- TASK DESCRIPTION
With the pictures left out, retype exactly the lines below starting at the line that contains "もう一枚は、サクランボの木で" and ending at the line that contains "Bambloom - رف".

- INFORMATION SHOWN
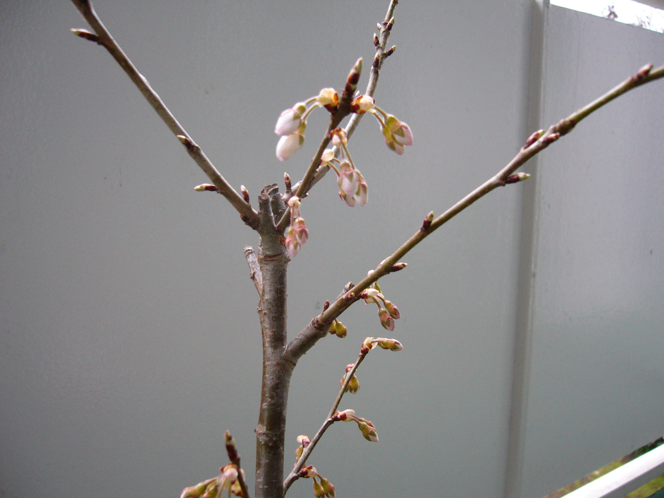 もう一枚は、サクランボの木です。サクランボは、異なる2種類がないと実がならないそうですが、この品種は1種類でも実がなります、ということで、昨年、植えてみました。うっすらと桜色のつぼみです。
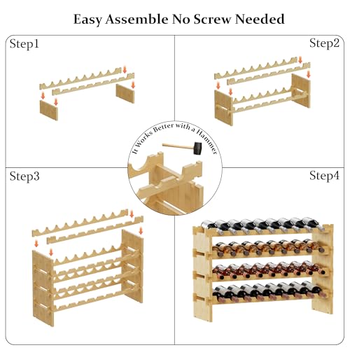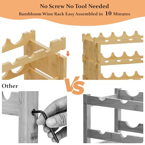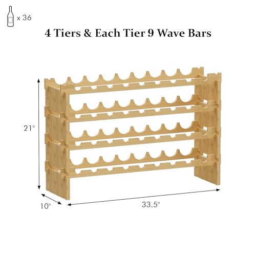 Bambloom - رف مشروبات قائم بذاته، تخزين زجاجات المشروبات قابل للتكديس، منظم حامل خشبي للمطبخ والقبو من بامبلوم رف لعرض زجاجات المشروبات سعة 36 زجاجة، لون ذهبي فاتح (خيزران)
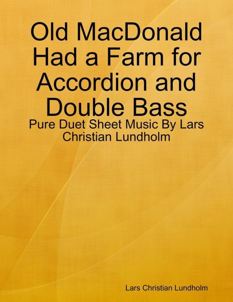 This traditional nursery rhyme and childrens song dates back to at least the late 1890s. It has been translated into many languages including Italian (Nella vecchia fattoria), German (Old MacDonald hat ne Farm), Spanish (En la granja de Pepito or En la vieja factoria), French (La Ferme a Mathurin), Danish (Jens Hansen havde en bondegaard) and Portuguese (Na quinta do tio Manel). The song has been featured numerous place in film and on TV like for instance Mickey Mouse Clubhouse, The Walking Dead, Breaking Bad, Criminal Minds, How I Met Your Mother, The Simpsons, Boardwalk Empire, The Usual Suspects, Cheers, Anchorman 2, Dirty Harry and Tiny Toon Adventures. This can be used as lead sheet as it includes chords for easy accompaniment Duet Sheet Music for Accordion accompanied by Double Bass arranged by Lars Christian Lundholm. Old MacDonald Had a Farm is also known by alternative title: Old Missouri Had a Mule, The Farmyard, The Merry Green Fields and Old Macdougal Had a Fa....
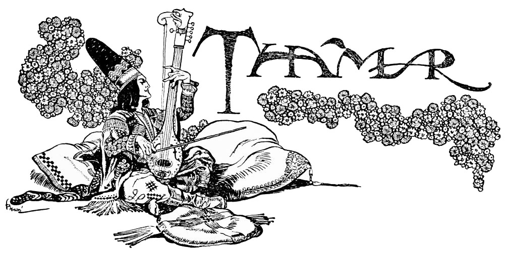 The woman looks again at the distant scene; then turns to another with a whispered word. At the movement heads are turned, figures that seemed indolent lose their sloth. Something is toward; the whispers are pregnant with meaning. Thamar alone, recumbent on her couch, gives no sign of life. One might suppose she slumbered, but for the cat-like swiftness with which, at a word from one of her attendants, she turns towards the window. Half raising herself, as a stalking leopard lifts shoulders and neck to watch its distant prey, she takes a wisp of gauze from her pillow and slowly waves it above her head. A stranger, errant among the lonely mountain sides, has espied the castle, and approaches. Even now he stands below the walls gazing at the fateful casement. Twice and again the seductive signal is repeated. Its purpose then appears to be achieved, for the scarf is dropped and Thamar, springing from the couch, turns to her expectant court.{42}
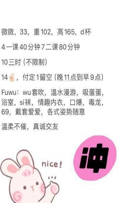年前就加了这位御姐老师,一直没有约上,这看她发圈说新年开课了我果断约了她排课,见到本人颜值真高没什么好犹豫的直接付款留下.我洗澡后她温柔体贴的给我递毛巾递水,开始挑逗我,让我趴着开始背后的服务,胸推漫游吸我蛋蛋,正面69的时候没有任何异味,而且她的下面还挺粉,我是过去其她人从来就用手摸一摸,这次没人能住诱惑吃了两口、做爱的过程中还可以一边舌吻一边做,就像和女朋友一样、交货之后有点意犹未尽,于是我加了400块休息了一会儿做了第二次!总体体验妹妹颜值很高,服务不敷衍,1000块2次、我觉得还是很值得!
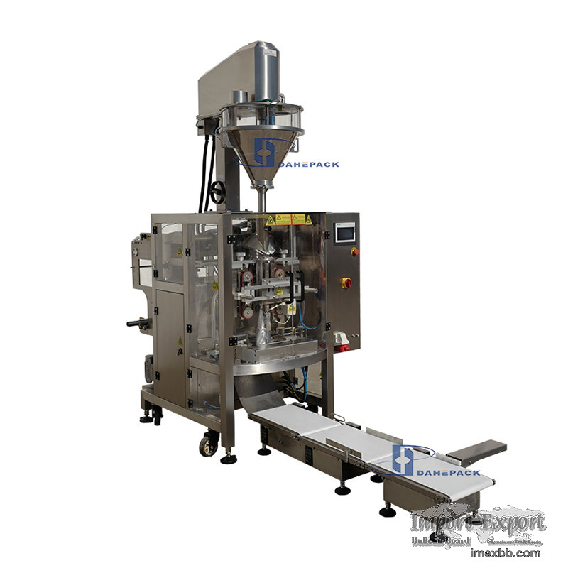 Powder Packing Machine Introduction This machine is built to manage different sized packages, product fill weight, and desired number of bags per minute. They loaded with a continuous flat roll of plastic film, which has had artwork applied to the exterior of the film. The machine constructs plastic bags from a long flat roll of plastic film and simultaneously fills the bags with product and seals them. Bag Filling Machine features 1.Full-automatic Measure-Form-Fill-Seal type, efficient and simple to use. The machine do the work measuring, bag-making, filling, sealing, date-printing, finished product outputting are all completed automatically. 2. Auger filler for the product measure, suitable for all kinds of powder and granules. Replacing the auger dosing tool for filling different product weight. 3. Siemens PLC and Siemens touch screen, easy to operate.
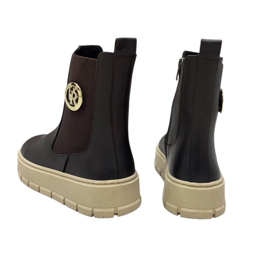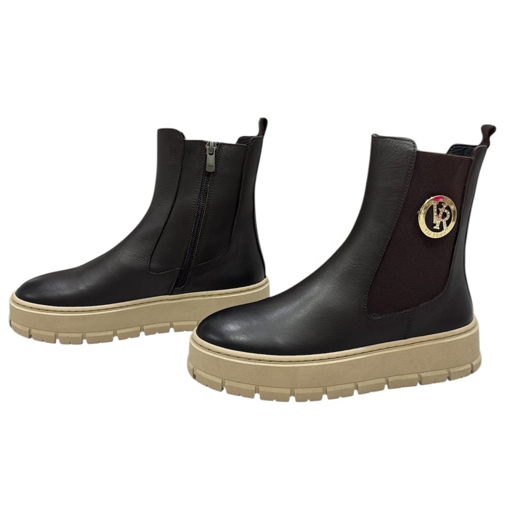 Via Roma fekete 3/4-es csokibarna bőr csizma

==

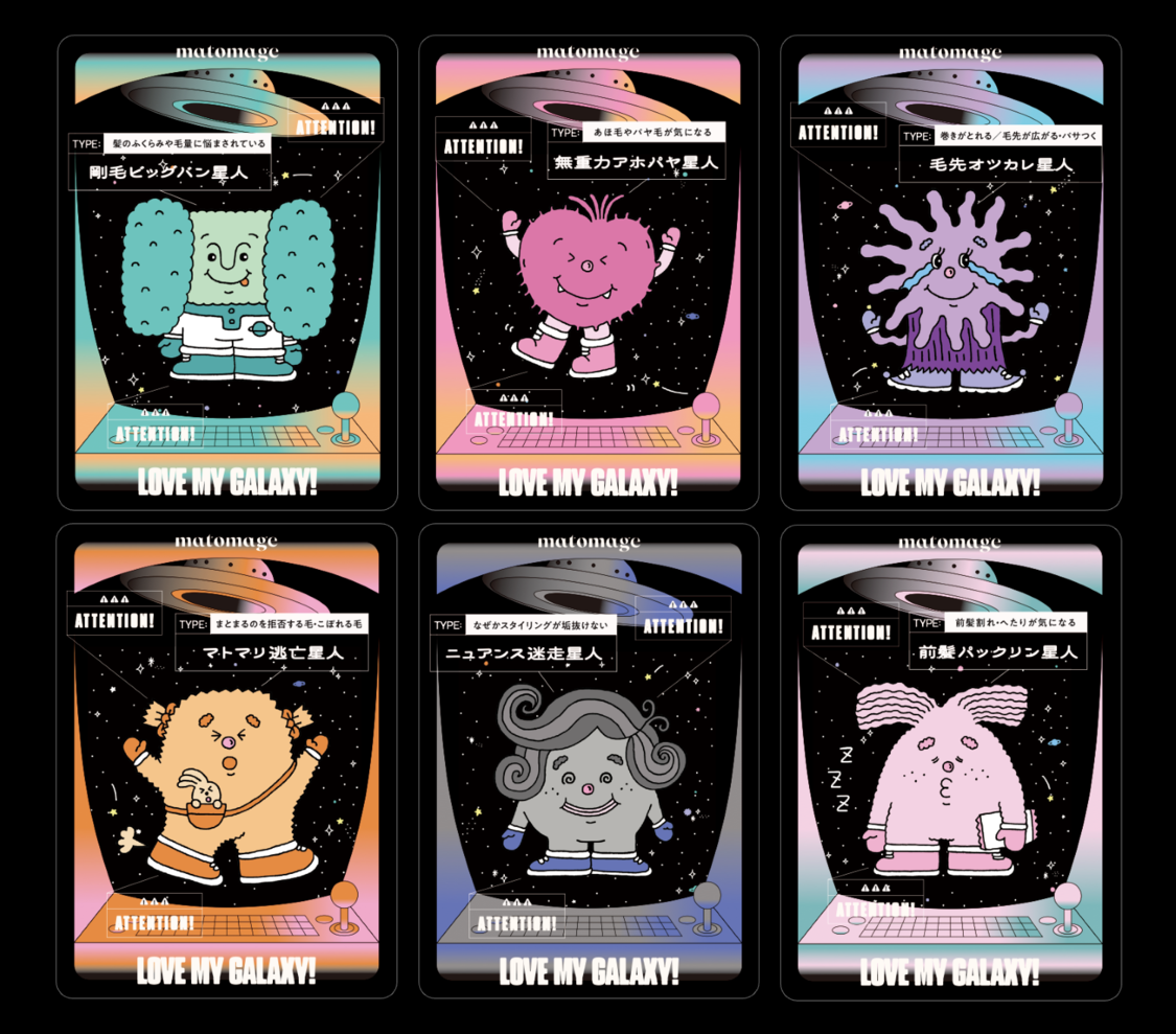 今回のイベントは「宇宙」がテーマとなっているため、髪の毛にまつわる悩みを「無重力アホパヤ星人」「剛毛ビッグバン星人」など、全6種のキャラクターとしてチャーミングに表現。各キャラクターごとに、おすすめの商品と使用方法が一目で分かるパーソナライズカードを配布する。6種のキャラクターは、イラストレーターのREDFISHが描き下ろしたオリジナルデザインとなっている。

==

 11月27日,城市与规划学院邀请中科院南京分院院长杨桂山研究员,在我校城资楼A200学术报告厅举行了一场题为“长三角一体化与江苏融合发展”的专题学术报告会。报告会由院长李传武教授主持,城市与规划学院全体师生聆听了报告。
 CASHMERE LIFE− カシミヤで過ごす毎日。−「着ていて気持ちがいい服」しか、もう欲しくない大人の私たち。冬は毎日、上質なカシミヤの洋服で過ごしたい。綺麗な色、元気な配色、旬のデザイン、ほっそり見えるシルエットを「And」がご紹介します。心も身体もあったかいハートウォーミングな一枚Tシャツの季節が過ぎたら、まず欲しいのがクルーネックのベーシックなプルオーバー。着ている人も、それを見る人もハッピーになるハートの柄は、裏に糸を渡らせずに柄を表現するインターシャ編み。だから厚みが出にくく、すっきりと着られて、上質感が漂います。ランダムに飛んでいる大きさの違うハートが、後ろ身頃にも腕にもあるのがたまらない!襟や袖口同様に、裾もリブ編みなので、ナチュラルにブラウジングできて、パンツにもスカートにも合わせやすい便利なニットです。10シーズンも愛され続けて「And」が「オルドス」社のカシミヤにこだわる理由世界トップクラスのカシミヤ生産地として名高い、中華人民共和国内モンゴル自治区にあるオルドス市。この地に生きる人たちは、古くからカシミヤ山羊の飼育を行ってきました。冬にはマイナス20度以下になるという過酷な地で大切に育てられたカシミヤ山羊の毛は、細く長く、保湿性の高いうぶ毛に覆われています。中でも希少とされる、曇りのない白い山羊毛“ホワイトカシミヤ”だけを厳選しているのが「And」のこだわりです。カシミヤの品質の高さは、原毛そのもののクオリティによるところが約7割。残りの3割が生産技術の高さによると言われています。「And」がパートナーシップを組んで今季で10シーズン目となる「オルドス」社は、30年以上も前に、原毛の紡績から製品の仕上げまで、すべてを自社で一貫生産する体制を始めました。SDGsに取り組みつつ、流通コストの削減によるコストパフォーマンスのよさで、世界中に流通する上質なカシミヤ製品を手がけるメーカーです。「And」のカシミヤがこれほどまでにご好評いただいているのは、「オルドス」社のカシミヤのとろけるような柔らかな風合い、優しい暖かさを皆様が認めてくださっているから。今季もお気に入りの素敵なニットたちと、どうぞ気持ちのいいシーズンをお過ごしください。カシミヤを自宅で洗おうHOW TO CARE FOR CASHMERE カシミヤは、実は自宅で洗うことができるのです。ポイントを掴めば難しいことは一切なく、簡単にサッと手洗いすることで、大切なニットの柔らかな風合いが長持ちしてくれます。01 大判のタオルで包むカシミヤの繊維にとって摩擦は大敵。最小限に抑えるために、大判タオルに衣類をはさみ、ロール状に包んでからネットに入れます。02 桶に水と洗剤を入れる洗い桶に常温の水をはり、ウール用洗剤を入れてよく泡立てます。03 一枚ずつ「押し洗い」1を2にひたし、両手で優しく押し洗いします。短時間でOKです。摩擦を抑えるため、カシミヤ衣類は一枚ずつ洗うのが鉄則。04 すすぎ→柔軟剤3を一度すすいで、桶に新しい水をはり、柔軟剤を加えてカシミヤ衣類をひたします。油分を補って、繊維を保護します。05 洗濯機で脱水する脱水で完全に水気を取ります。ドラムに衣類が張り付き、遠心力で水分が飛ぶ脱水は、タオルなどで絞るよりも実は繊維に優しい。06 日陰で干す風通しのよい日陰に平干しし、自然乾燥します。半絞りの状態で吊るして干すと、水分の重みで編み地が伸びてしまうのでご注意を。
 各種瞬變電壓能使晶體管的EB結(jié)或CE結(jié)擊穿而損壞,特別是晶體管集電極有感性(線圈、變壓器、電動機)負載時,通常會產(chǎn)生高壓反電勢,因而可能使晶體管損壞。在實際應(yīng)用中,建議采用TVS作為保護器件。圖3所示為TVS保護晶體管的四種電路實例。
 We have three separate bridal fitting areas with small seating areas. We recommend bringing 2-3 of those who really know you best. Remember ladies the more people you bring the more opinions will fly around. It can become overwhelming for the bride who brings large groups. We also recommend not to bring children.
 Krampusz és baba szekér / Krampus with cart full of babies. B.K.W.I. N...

- COMPLETED TASK
 もう一枚は、サクランボの木です。サクランボは、異なる2種類がないと実がならないそうですが、この品種は1種類でも実がなります、ということで、昨年、植えてみました。うっすらと桜色のつぼみです。
 Bambloom - رف مشروبات قائم بذاته، تخزين زجاجات المشروبات قابل للتكديس، منظم حامل خشبي للمطبخ والقبو من بامبلوم رف لعرض زجاجات المشروبات سعة 36 زجاجة، لون ذهبي فاتح (خيزران)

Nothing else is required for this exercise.